CASH AND CASH EQUIVALENTS

We consider investments in all highly liquid debt instruments with original
maturities of three months or less to be cash equivalents.

ACCOUNTS RECEIVABLE AND ALLOWANCE FOR DOUBTFUL ACCOUNTS

Trade accounts receivable are recorded at the invoiced amount and do not
bear interest. We maintain an allowance for doubtful accounts for estimated
losses resulting from the potential inability of our customers to make required
payments. Our allowance for doubtful accounts includes both a general reserve
based on historical experience and an additional reserve for individual accounts
when we become aware of a customer's inability to meet its financial
obligations, such as in the case of bankruptcy filings or deterioration in the
customer's operating results or financial condition. Account balances are
charged off against the allowance when we believe that it is probable that the
receivable will not be recovered.

INVENTORIES

Inventories are stated at the lower of cost, determined on the first-in,
first-out (FIFO) basis, or market. Finished goods and work in process
inventories include material, labor and manufacturing overhead costs. We
regularly review and write-down the value of inventory for estimated
obsolescence or unmarketable inventory.

37

NOTES TO CONSOLIDATED FINANCIAL STATEMENTS -- (CONTINUED)

An inventory reserve is maintained based upon a historical percentage of actual
inventory written off applied against inventory at the end of the period, plus
an additional amount for known conditions and circumstances.
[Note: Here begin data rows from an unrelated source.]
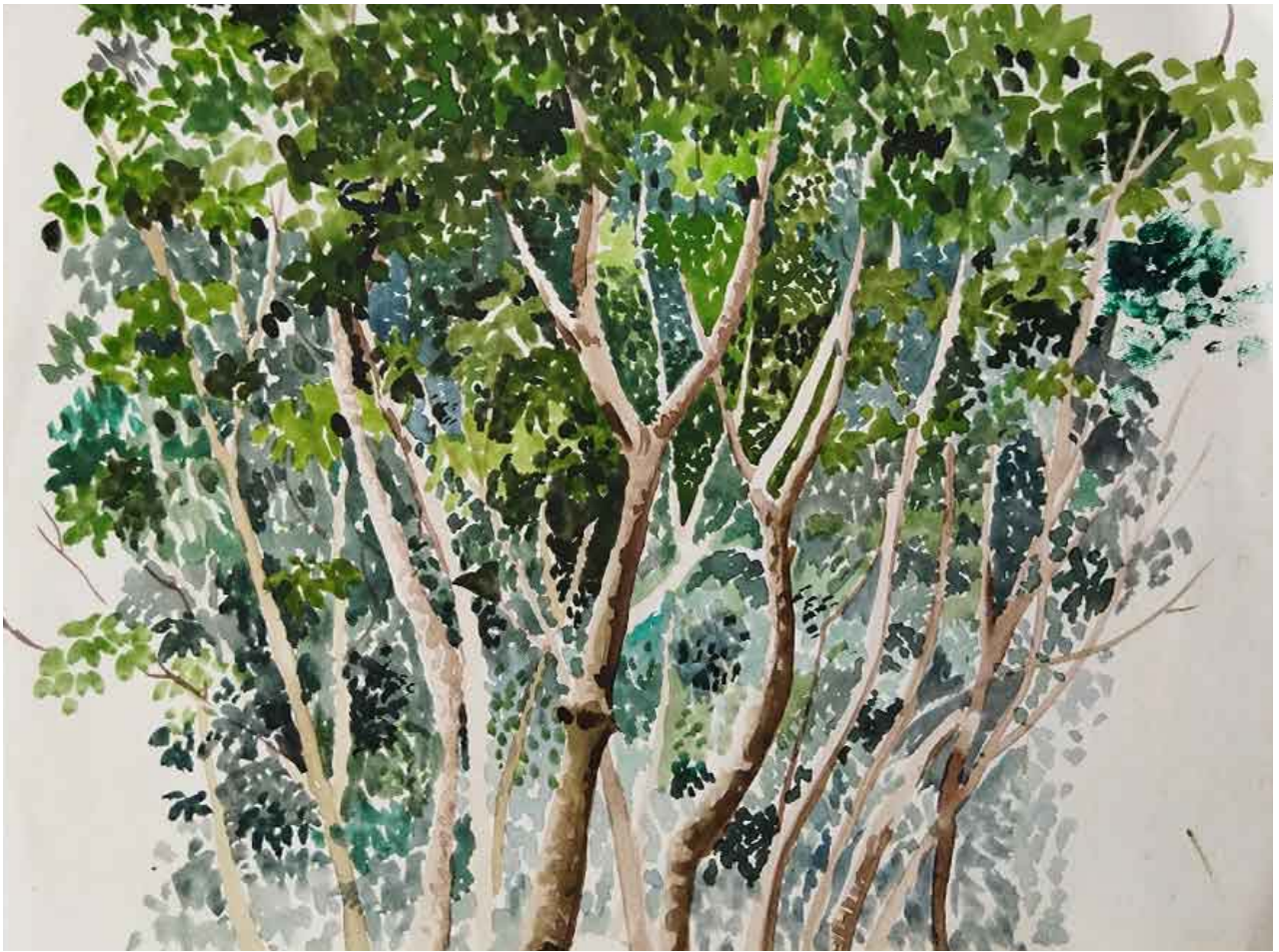
STUDY 05 | 21 cm X 29.7cm | Watercolour | 2024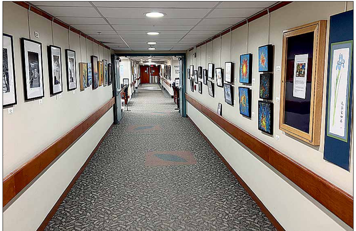
New London Hospital's Gallery.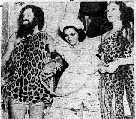
In the center, of course, having a little trouble trying to jump rope is Screen Star Ray Francis, and at her left, believe it or not, is Fredric March. At right is Mrs. March. The Marches were awarded the grand prize for the most original costume at a recent costume ball in Los Angeles.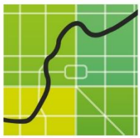
FIG Working Week 2016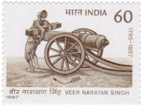
Figure 4. A 60-paise commemorative postage stamp depicting the execution of Veer Narayan Singh, issued by India in 1987.

the condemned and terrorised onlookers into submission. For these reasons, the method was adopted by many regimes: in Persia, it served largely as a heavy-handed punishment to deter crime; in India, execution by cannon was a fearsome implement of both native and colonial control; and, in Afghanistan, the practice became a barbaric tool for state-building. Although almost all contemporary English-language scholarship focuses exclusively or primarily on British practice, this article has demonstrated that this limited view overlooks important historical uses in other states and by other rulers.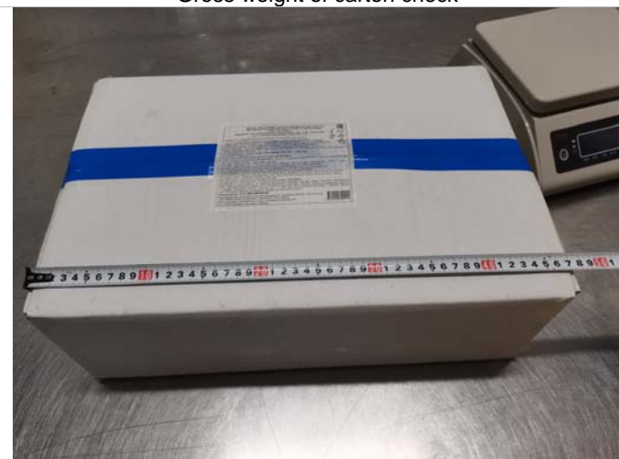
Size of carton check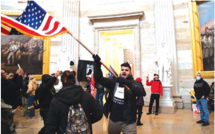
DOMESTIC TERRORISTS inside the Statuary at the Capitol.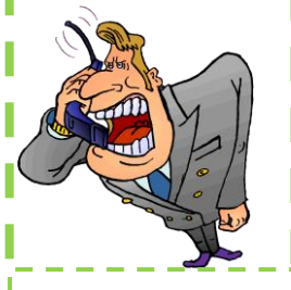
Your teacher..... speak on the phone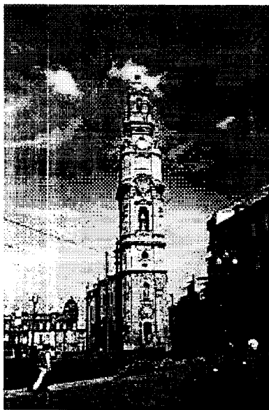
Fig. 1 – Clérigos' church belfry.

The Clérigos church (built between 1735 and 1748) is Porto's most proud Emblem. It is a baroque church designed by the Italian architect Niccolò Nasoni (1691-1773) which activity was prodigious in Porto judging by the numerous monuments edified by him. It is flanked to the west by a 76-meter high granite belfry that is today the main symbol of the town and dominates the entire downtown area due to its elevated location in a summit. The church is remarkable for its facade, the interior staircase of the presbytery, the liturgical decoration and the polychromatic rococo altarpiece by Manuel Porto. The elliptical plan shape of the nave shows its Italian influence. The Clérigos church is a national monument since 1910 (Fig. 1-3).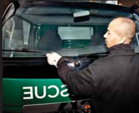
The morning mechanical check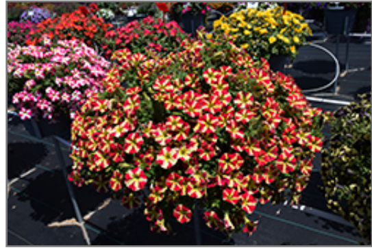
Amore Queen of Hearts Petunia in bloom

Amore Queen of Hearts Petunia will grow to be about 12 inches tall at maturity, with a spread of 14 inches. When grown in masses or used as a bedding plant, individual plants should be spaced approximately 10 inches apart. Its foliage tends to remain dense right to the ground, not requiring facer plants in front. This fast-growing annual will normally live for one full growing season, needing replacement the following year.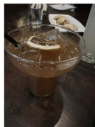
The Kolkata Story

Our evening began with drinks that could rival any high-end cocktail bar in Manhattan — each glass a passport to a different country.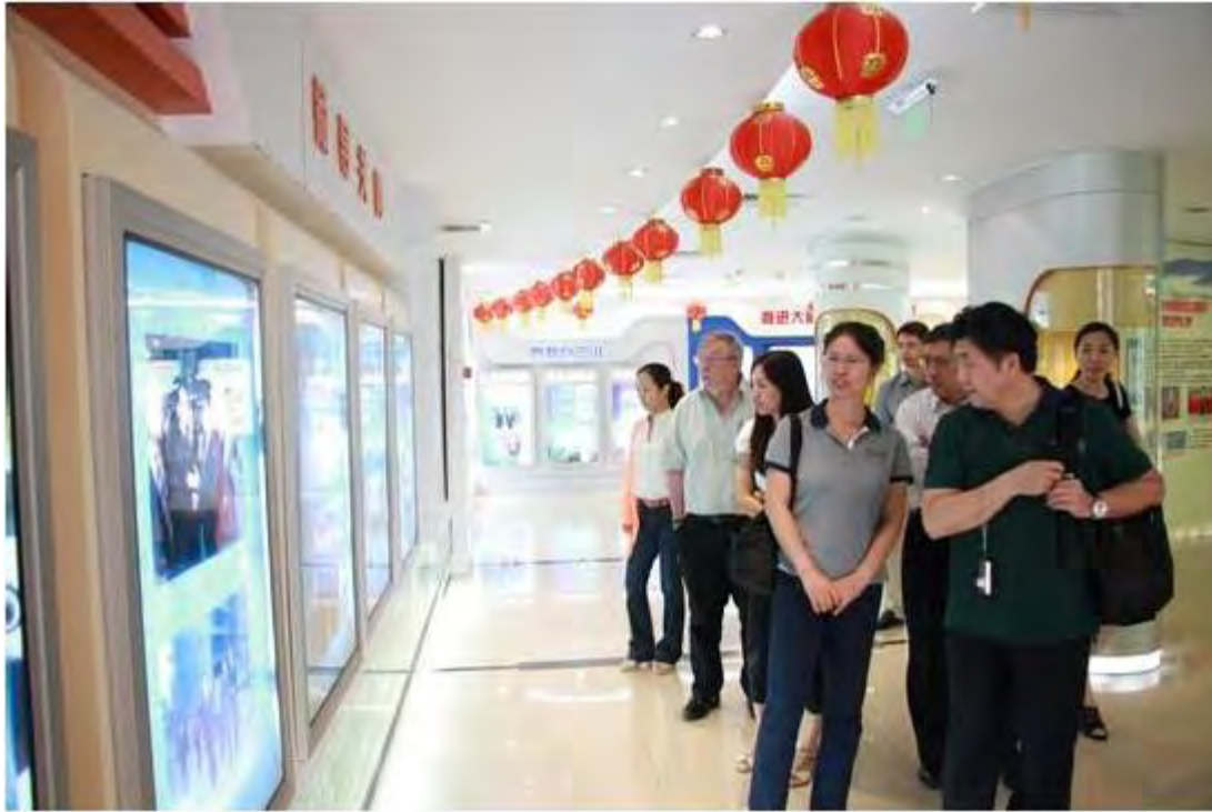
Visiting pharmaceutical company in Huizhou

Not to delay implementation of cooperative activities with the Pilot sites, it was decided by NDRC and the C1 team that the second Panel discussion, dealing inter alia with issues related to migrant workers' social security, would associate representatives from selected pilot sites in Guangdong and Sichuan provinces. It is foreseen that a further training will be provided in situ in February 2016.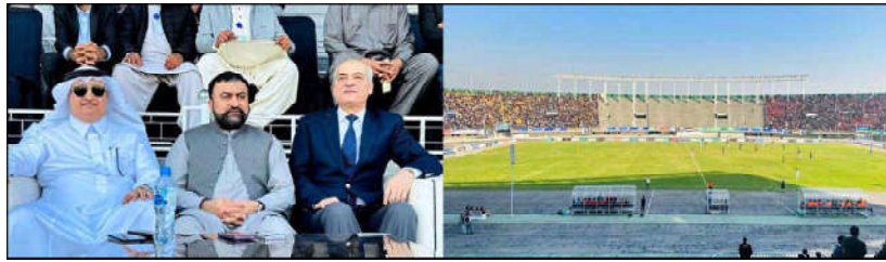
ISLAMABAD: Caretaker Federal Minister for Interior, Sarfraz Ahmed Bugti witnessing the Pakistan vs Tajikistan FIFA World Cup Qualifier match as Chief Guest.

The meeting was informed that the regional welfare committees have been formed with cooperation of civil society in some areas of the city.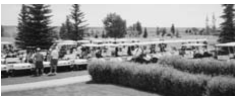
Golfers get ready to roll at the 3rd Annual MNP Golf Tournament

Bright sunny skies and 112 enthusiastic golfers were the order of the day at the 3rd Annual Meyers Norris Penny Golf Tournament. Golfers enjoyed a round of 18-hole, par 3 golf and then retreated to the clubhouse for a BBQ steak supper and tons of prizes! $16,000 was raised in support of Foundation initiatives. The Foundation wishes to thank Meyers Norris Penny for organizing another terrific fundraiser. Your continued support is greatly appreciated!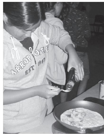
The library offers programs for teens throughout the year. Check this space for what's new.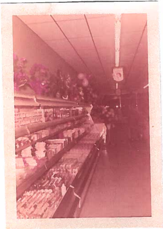
DAIRY SECTION NAUMANN'S SUPER MARKET GRAND OPENING 1958

Also, the purchase cost of one of our key raw materials from one supplier
changes significantly based upon the total quantity of in-specification product
that we purchase in a given fiscal year. During interim periods we determine
inventory valuation and the amount charged to cost of goods sold for this raw
material from this supplier based on the expected average cost over the entire
fiscal year using our current full year forecast of purchases of this raw
material from this supplier.

PROPERTY, PLANT AND EQUIPMENT

Property, plant and equipment are recorded at cost. Depreciation is based
on the following estimated useful lives of the assets using the straight-line
method:



Buildings........................................ 15-25 years
Machinery and equipment.......................... 3-10 years
Furniture and fixtures........................... 5-10 years
Information systems.............................. 3-5 years
Assets under capital leases...................... Term of lease or estimated useful life


Expenditures for repairs and maintenance are charged to expense as
incurred. Expenditures for major renewals and betterments are capitalized and
depreciated over the remaining useful lives. As assets are retired or sold, the
related cost and accumulated depreciation are removed from the accounts and any
resulting gain or loss is included in the results of operations. Costs related
to internal use software are capitalized in accordance with AICPA Statement of
Position No. 98-1, "Accounting for the Costs of Computer Software Developed or
Obtained for Internal Use".

GOODWILL AND OTHER INTANGIBLE ASSETS

Effective October 1, 2001 we adopted FASB Statement No. 141, "Business
Combinations" and FASB Statement No. 142, "Goodwill and Other Intangible
Assets", and goodwill and other intangible assets with indefinite useful lives
are no longer amortized. Purchased intangible assets with finite lives continue
to be amortized over their estimated useful lives. Goodwill and other intangible
assets are tested on an annual basis and between annual tests if indicators of
potential impairment exist, using a fair-value-based approach. We determined
that goodwill and other intangible assets were not impaired as of September 30,
2004.

IMPAIRMENT OF LONG-LIVED ASSETS

Reviews are regularly performed to determine whether facts and
circumstances exist which indicate that the carrying amount of assets may not be
recoverable or that the useful life is shorter than originally estimated. Asset
recoverability is assessed by comparing the projected undiscounted cash flows
associated with the related asset or group of assets over their remaining lives
against their respective carrying amounts. Impairment, if any, is based on the
excess of the carrying amount over the fair value of those assets. If assets are
determined to be recoverable, but their useful lives are shorter than originally
estimated, the net book value of the asset is depreciated over the newly
determined remaining useful life. We believe that no material impairment exists
at September 30, 2004.

EQUITY INVESTMENT IN NANOPRODUCTS CORPORATION

In July 2004 we entered into a strategic alliance with NanoProducts
Corporation and acquired a minority interest in the company of 13.1% in exchange
for an investment of $3,750. Although we do not own 20% or more of NanoProducts,
we have concluded that we have the ability to significantly influence
NanoProducts' operating and financial policies. Therefore, in accordance with
Accounting Principles Board Option No. 18 "The Equity Method of Accounting for
Investments in Common Stock", we account for our investment using

38

NOTES TO CONSOLIDATED FINANCIAL STATEMENTS -- (CONTINUED)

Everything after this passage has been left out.